* **What to do**
Transcribe all of the data exactly. Images stay out.

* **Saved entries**
◆ ◆ ◆

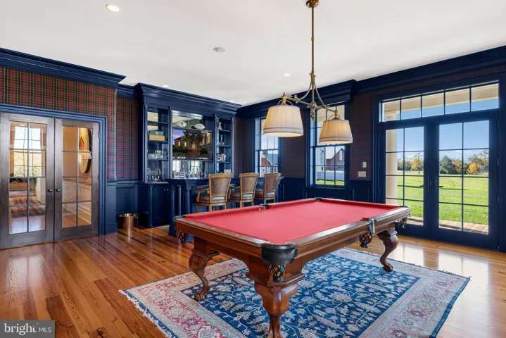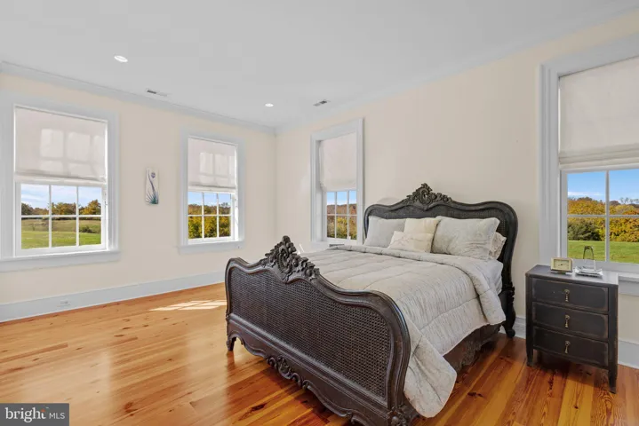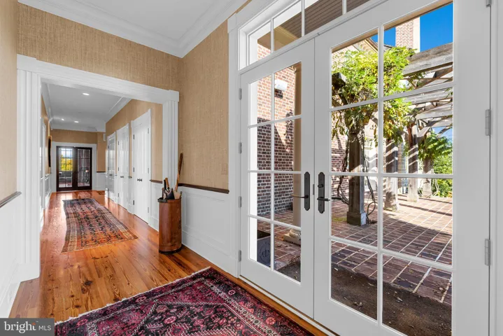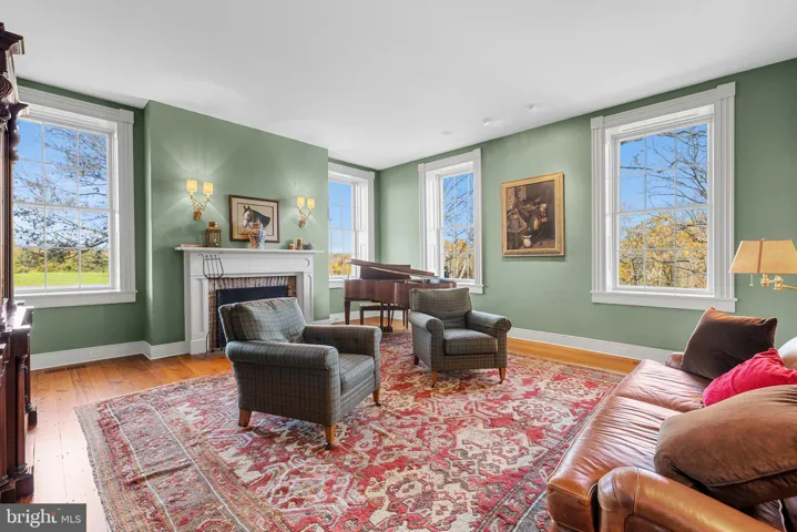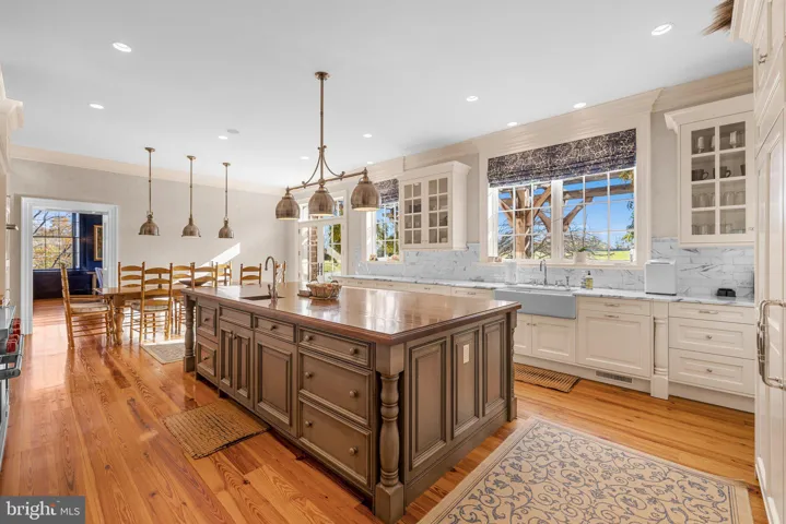 The masterpiece 67-acre estate of Limestone Farm features a stately federal style manor house, with origins dating to the 1790’s. Meticulously and completely renovated and expanded in 2010, the manor house has now over 11,000 square feet of elegant living space. Throughout the construction, tremendous attention was given to preserve the homes’ history while making the expansion seamless. As one ascends the front steps, one notices the front porch ceiling which showcases the hand painted crest of the family who built the original home. One then enters the foyer with its beautiful heart pine flooring, mahogany newel post, handrail, and staircase in its original detail, and fully restored with great attention given to its structural integrity. Many of the details of the foyer were carried through to the new and gracious back hallway with its grand heart pine staircase. This hallway separates the kitchen from the great room and creates a wonderful entertainment flow. To enhance the seamlessness of the old to the new, reclaimed heart pine flooring was installed throughout the main and upper levels. Built of local limestone and handmade oversized brick, the roof is of extra premium cedar shake shingles imported from Canada.
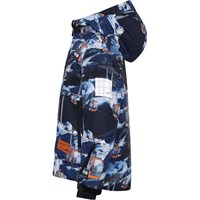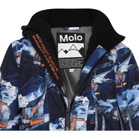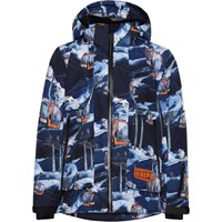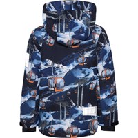 Alpine ist eine funktionelle und wasserdichte Skijacke in Blau mit Aufdruck von Skiliften. Die Jacke hat eine abnehmbare Kapuze, einen Reißverschluss vorne, große geräumige Taschen an der Seite sowie ein verstellbares Armloch mit enganliegendem Windschutz mit Loch für den Daumen und einem Reflexstreifen hinten. Futter und Innenmaterial der Jacke sind recycelt und bestehen aus wiederverwertbarem Polyester. Alpine ist winddicht, wasserdicht und atmungsaktiv und hat verklebte Nähte. Dieses Produkt hat eine wasserabweisende PFC-freie Imprägnierung (zB enthält kein PFOS, PFOA und dergleichen). Der Wassersäulendruck und die Atmungsaktivität wurden weiter verbessert und betragen jetzt bis zu 15.000 mm Wassersäulendruck und eine Atmungsaktivität von 15.000 g/m2/24h.
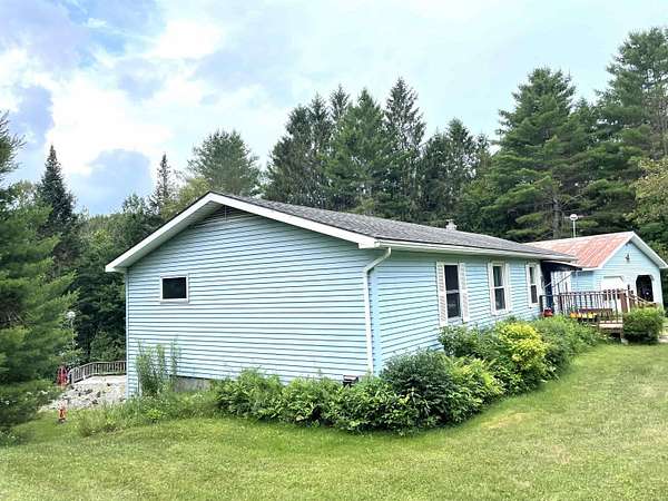 This country ranch features three beds,one full bath and a half bath. Sited on 3.1 surveyed acres,it is just a stones throw from pristine Nelson Pond.The home has an eat-in kitchen and sliding glass doors to the rear deck. Walk out basement has concrete floor,well maintained mechanical systems, and well insulated. There's also potential for woodstove ancillary heating, and an additional basement bedroom. Larger than you think, this home must be seen to appreciate. Detached two car garage,two separate outbuildings(potential she-shed, and one used as woodshed). There is a concrete inground pool that was filled in but care was taken to allow it to be placed back into service if desired.Lower lawn has been used in previous years for garden space and fruit tree plantings. Grab this lovely slice of Vermont country living before it's gone!
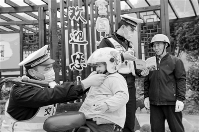为切实提高农村摩托车、电动自行车驾乘人员的交通安全意识,全力保障冬季群众出行安全,连日来,浦江县公安局交警大队组织民警深入辖区村庄,通过例举典型交通事故案例、讲述驾乘电动自行车违法载人、不佩戴安全头盔存在的严重安全风险等警示宣传形式,让“一盔一带”交通安全理念走进乡村,深入民心。图为12月11日,浦江交警在向村民讲解正确佩戴安全头盔方式,普及“一盔一带”交通安全知识。
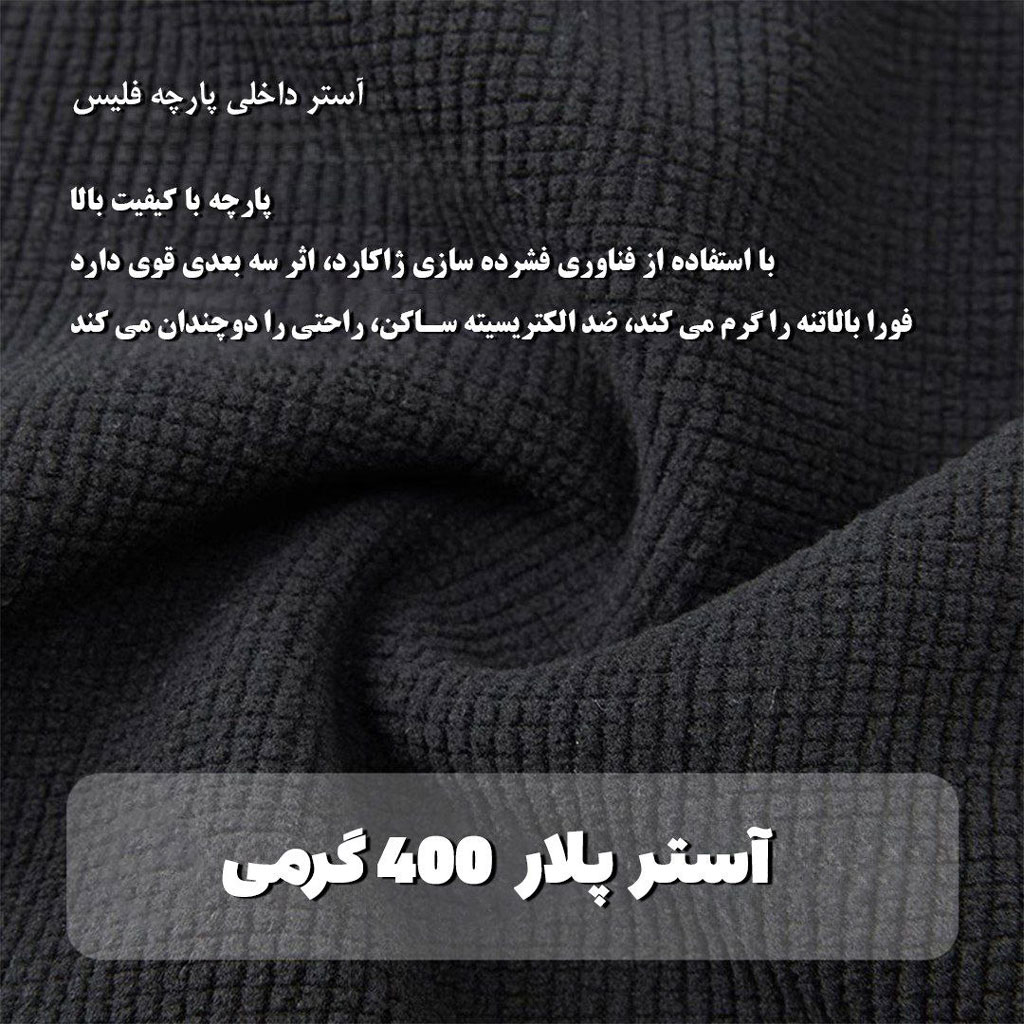 استفاده از پارچه فلیس با وزن 400 گرم نه تنها گرما را به خوبی در داخل کاپشن نگه میدارد، بلکه با بافت نرم و لطیف خود حس راحتی فوق العادهای را به ارمغان میآورد. این ویژگی، کاپشن را به گزینهای عالی برای استفاده در فعالیت های روزمره یا ورزش های زمستانی تبدیل کرده است.

◆ ◆ ◆

* **Result**
 The masterpiece 67-acre estate of Limestone Farm features a stately federal style manor house, with origins dating to the 1790’s. Meticulously and completely renovated and expanded in 2010, the manor house has now over 11,000 square feet of elegant living space. Throughout the construction, tremendous attention was given to preserve the homes’ history while making the expansion seamless. As one ascends the front steps, one notices the front porch ceiling which showcases the hand painted crest of the family who built the original home. One then enters the foyer with its beautiful heart pine flooring, mahogany newel post, handrail, and staircase in its original detail, and fully restored with great attention given to its structural integrity. Many of the details of the foyer were carried through to the new and gracious back hallway with its grand heart pine staircase. This hallway separates the kitchen from the great room and creates a wonderful entertainment flow. To enhance the seamlessness of the old to the new, reclaimed heart pine flooring was installed throughout the main and upper levels. Built of local limestone and handmade oversized brick, the roof is of extra premium cedar shake shingles imported from Canada.
 Alpine ist eine funktionelle und wasserdichte Skijacke in Blau mit Aufdruck von Skiliften. Die Jacke hat eine abnehmbare Kapuze, einen Reißverschluss vorne, große geräumige Taschen an der Seite sowie ein verstellbares Armloch mit enganliegendem Windschutz mit Loch für den Daumen und einem Reflexstreifen hinten. Futter und Innenmaterial der Jacke sind recycelt und bestehen aus wiederverwertbarem Polyester. Alpine ist winddicht, wasserdicht und atmungsaktiv und hat verklebte Nähte. Dieses Produkt hat eine wasserabweisende PFC-freie Imprägnierung (zB enthält kein PFOS, PFOA und dergleichen). Der Wassersäulendruck und die Atmungsaktivität wurden weiter verbessert und betragen jetzt bis zu 15.000 mm Wassersäulendruck und eine Atmungsaktivität von 15.000 g/m2/24h.
 This country ranch features three beds,one full bath and a half bath. Sited on 3.1 surveyed acres,it is just a stones throw from pristine Nelson Pond.The home has an eat-in kitchen and sliding glass doors to the rear deck. Walk out basement has concrete floor,well maintained mechanical systems, and well insulated. There's also potential for woodstove ancillary heating, and an additional basement bedroom. Larger than you think, this home must be seen to appreciate. Detached two car garage,two separate outbuildings(potential she-shed, and one used as woodshed). There is a concrete inground pool that was filled in but care was taken to allow it to be placed back into service if desired.Lower lawn has been used in previous years for garden space and fruit tree plantings. Grab this lovely slice of Vermont country living before it's gone!
为切实提高农村摩托车、电动自行车驾乘人员的交通安全意识,全力保障冬季群众出行安全,连日来,浦江县公安局交警大队组织民警深入辖区村庄,通过例举典型交通事故案例、讲述驾乘电动自行车违法载人、不佩戴安全头盔存在的严重安全风险等警示宣传形式,让“一盔一带”交通安全理念走进乡村,深入民心。图为12月11日,浦江交警在向村民讲解正确佩戴安全头盔方式,普及“一盔一带”交通安全知识。
 استفاده از پارچه فلیس با وزن 400 گرم نه تنها گرما را به خوبی در داخل کاپشن نگه میدارد، بلکه با بافت نرم و لطیف خود حس راحتی فوق العادهای را به ارمغان میآورد. این ویژگی، کاپشن را به گزینهای عالی برای استفاده در فعالیت های روزمره یا ورزش های زمستانی تبدیل کرده است.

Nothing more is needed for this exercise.